(ACTION ITEM)
Every line from the line containing "Auction - 1935" through the end of the data is to be reproduced exactly, excluding pictures.

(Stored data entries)
::::

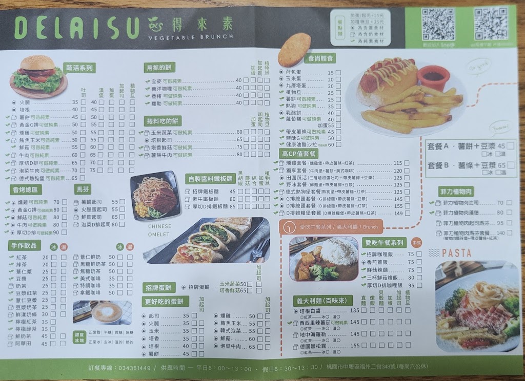 得來素蔬食早午餐-中壢福州店地址、電話、菜單、訂位、營業時間(PTT/Dcard/mobild01評價)
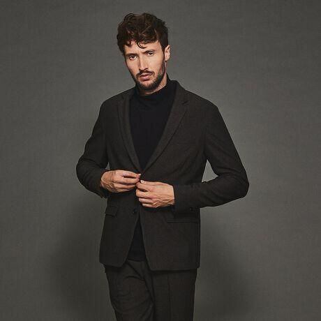 暖かみあり微起毛感が心地よく、柔らかな肌触りが特徴のTRツイード素材を使用したジャケット。
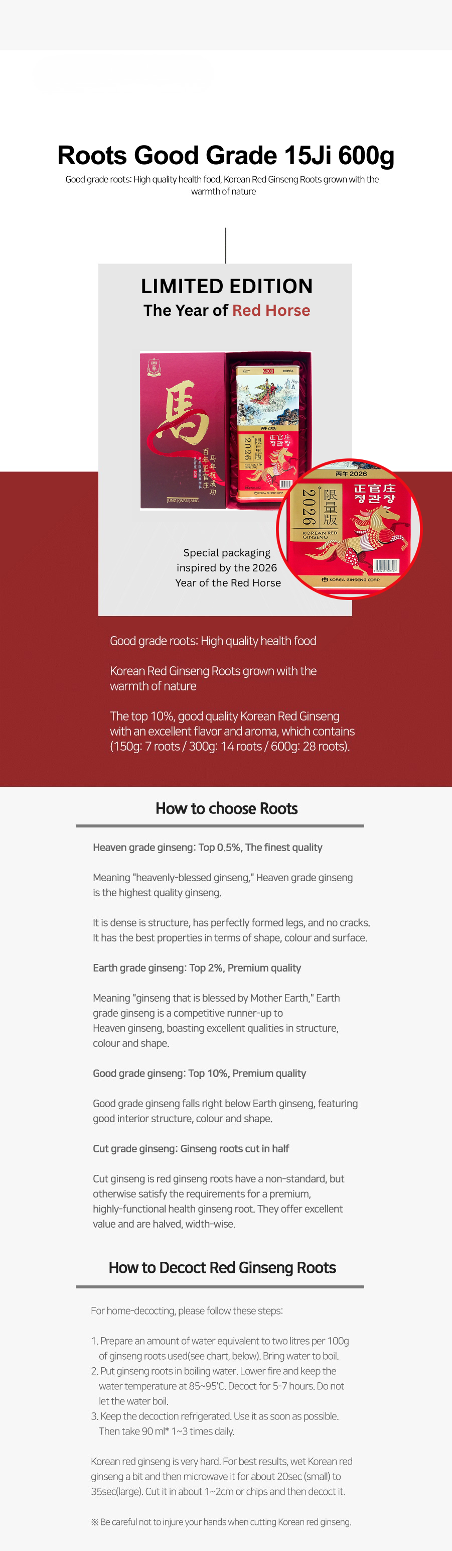 The top 10%, good quality Korean Red Ginseng with an excellent flavor and aroma, which contains (150g: 7 roots / 300g: 14 roots / 600g: 28 roots).
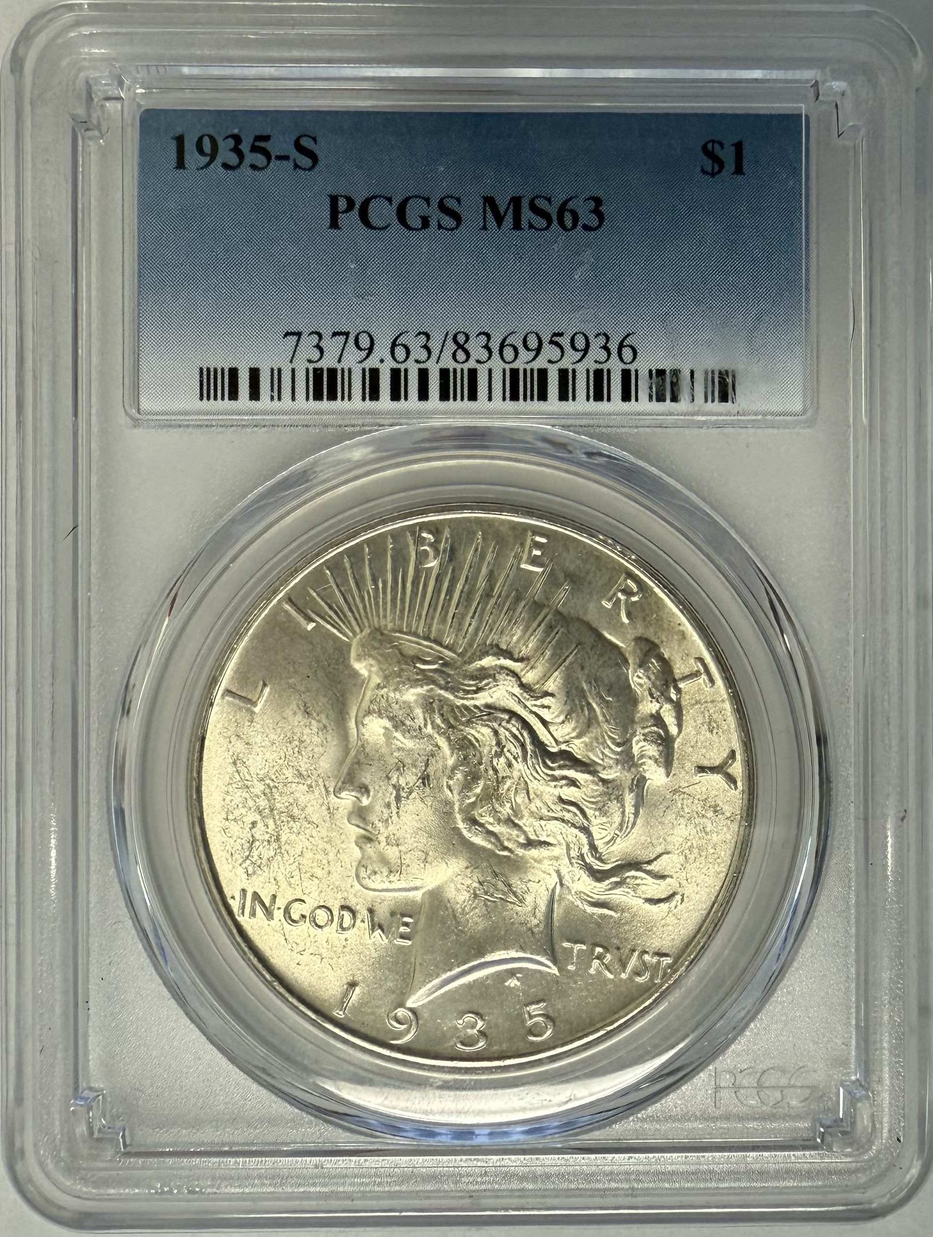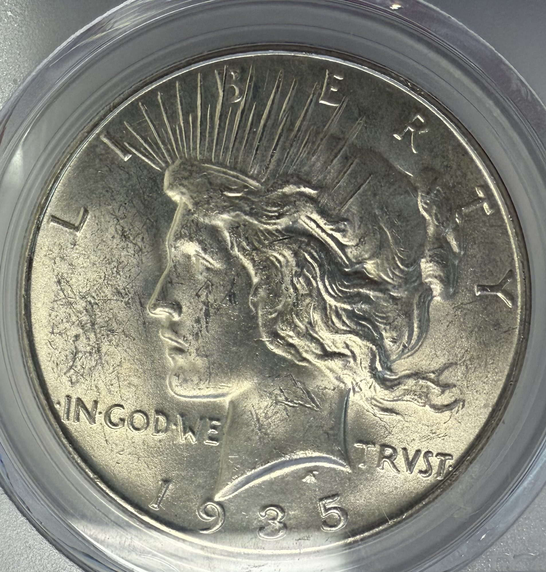 Auction - 1935 Peace Dollar UNC Scratched Toned
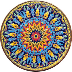 "Artecer" est le plus prestigieux des fabricants de ces assiettes en céramique de Séville. Ces assiettes sont émaillées à l'or 24 carats. Il est connu comme le travail de la "corde sèche", qui a été apporté par les Arabes au 8ème siècle en Andalousie. Depuis lors, ce savoir-faire a été réalisé en Espagne.

::::

(YOUR SOLUTION)
 Auction - 1935 Peace Dollar UNC Scratched Toned
 "Artecer" est le plus prestigieux des fabricants de ces assiettes en céramique de Séville. Ces assiettes sont émaillées à l'or 24 carats. Il est connu comme le travail de la "corde sèche", qui a été apporté par les Arabes au 8ème siècle en Andalousie. Depuis lors, ce savoir-faire a été réalisé en Espagne.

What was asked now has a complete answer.